[Records drawn from a dataset]
======
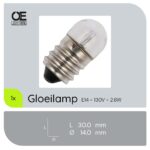 De signaallamp E14 130V 2.6W is een compacte gloeilamp ontworpen voor diverse toepassingen, waaronder apparaten, signaalverlichting en industriële toepassingen. Met een diameter van 14 mm en een lengte van 30 mm is deze lamp geschikt voor gebruik in kleine armaturen en krappe ruimtes. De lamp straalt een warm wit licht van 2500K uit, wat zorgt voor een aangename en sfeervolle verlichting.
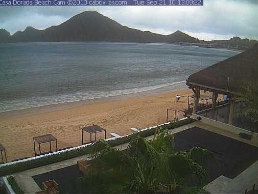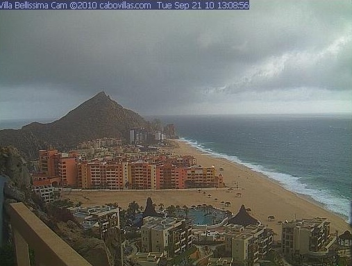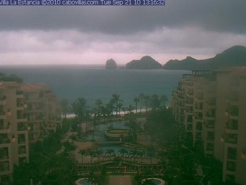 Algunas fotografías de hace unos minutos en Cabo San Lucas, donde los vientos son ligeros, no hay oleaje violento y lluvias intermitentes con nublados intensos. Estos son los efectos de la tormenta tropical Georgette que se encuentra a solo 10 kilómetros de este lugar, con dirección noroeste a 15 km/h.
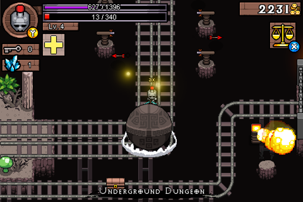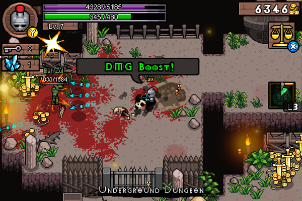 在城镇中有一个蓝色的椭圆,通过这个椭圆的魔法门我们可以选择想要进入的战斗区域。接着就可以开始激动人心的战斗了。来到一个场景之后,每一个回合都有一定数量的怪物出现。我们需要控制角色不断的在场景中击败怪物和破坏场景中的箱子来获得奖励,有时候我们会捡到装备,有时候我们会捡到金币。通过这样不断的战斗获得奖励让自己的等级技能提升,获得更好的装备等等。
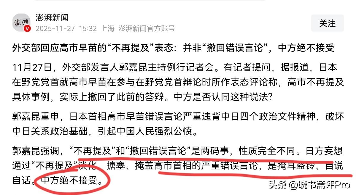 高市早苗要是识趣,就应该公开表示支持一个中国原则,日本不会介入中国的内政!现在倒好,跟我们打马虎眼,以为可以骗过我们,没想到我们外交部发言人再次直接挑明称,“不再提及”与“撤回错误言论”是两回事,中国绝不接受。很显然,我们这样的表态这等于是接着对高市早苗进行外交反击。 其实现在高市早苗已经软下来了,有一点想要找台阶下的意思。对于我们的反制,高市早苗压住国内的极端言论,不敢动我们的外交官,而对于我们的经济施压,日本也只能承受。现在表示不再提及,意思是以后不会再犯此类错误。但,高市早苗还是低估了事态的严重性。我们做了那么多的动作,高市早苗才软了一点点,这明显是诚意不足。 如果高市早苗没有那种军国主义扩张的心思,现在她应该洗心革面,进行切割。但是高市早苗明显没有这个魄力。高市早苗害怕成为日本右翼的“罪人”,害怕出现连锁反应,被内部逼宫下台,所以遮遮掩掩。但从我们的角度而言,高市早苗用行为再次验证其本人就是极右翼分子。高市早苗的心里面肯定是不愿意悔改的,但是重压之下,我们倒要看高市早苗能硬撑多久。
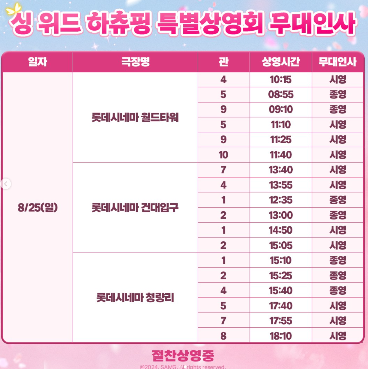 놓치지 말아야할 특별한 싱 위드 하츄핑 특별 상영회 일정 알려드릴게요.
======
What you will do:
Please output exactly the lines of the data above, from its first line through the line with "在城镇中有一个蓝色的椭圆,通", and nothing else; drop the pictures.

Result of the exercise:
 De signaallamp E14 130V 2.6W is een compacte gloeilamp ontworpen voor diverse toepassingen, waaronder apparaten, signaalverlichting en industriële toepassingen. Met een diameter van 14 mm en een lengte van 30 mm is deze lamp geschikt voor gebruik in kleine armaturen en krappe ruimtes. De lamp straalt een warm wit licht van 2500K uit, wat zorgt voor een aangename en sfeervolle verlichting.
 Algunas fotografías de hace unos minutos en Cabo San Lucas, donde los vientos son ligeros, no hay oleaje violento y lluvias intermitentes con nublados intensos. Estos son los efectos de la tormenta tropical Georgette que se encuentra a solo 10 kilómetros de este lugar, con dirección noroeste a 15 km/h.
 在城镇中有一个蓝色的椭圆,通过这个椭圆的魔法门我们可以选择想要进入的战斗区域。接着就可以开始激动人心的战斗了。来到一个场景之后,每一个回合都有一定数量的怪物出现。我们需要控制角色不断的在场景中击败怪物和破坏场景中的箱子来获得奖励,有时候我们会捡到装备,有时候我们会捡到金币。通过这样不断的战斗获得奖励让自己的等级技能提升,获得更好的装备等等。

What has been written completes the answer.